Get a cat!! I am a screaming, nelly cartoon queen when it comes to rodents--standing on furniture and such--and in my last apartment I saw more than my fair share running around, especially being on the ground floor. I adopted a cat, an absolutely gorgeous, fluffy, gentle animal who has never scratched or bitten me, yet she would perform "Saw"-style executions on the mice. After a few of these massacres, I have never, ever had a vermin problem again.

by Anonymousreply 45September 21, 2018 4:51 PM

Rodents get in between the walls, can wreak havoc on electrical wires, foundations, shit all over.. and they multiply. So... don't ignore the problem. They are nasty beasts.

by Anonymousreply 46September 21, 2018 5:15 PM

A mouse! A mouse! A mouse ran in his house!

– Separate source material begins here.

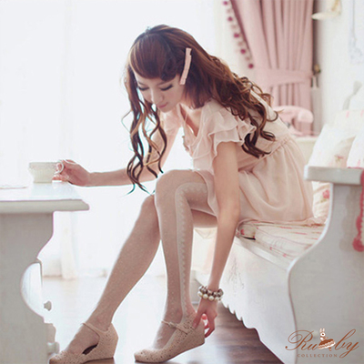 圓點直條蕾絲絲襪褲襪-露比午茶

by Anonymousreply 47September 21, 2018 5:37 PM

When you first start seeing them, they streak by so fast, they're like ghosts and you think it's your imagination. I like to catch them at set them free (do it far from home though, or they'll come back) but I won't share my living space with them. Leaving disgusting trails of poop all over, they have no control over when they poop and piss.

by Anonymousreply 48September 21, 2018 5:46 PM

No, absolutely do NOT ignore it, OP.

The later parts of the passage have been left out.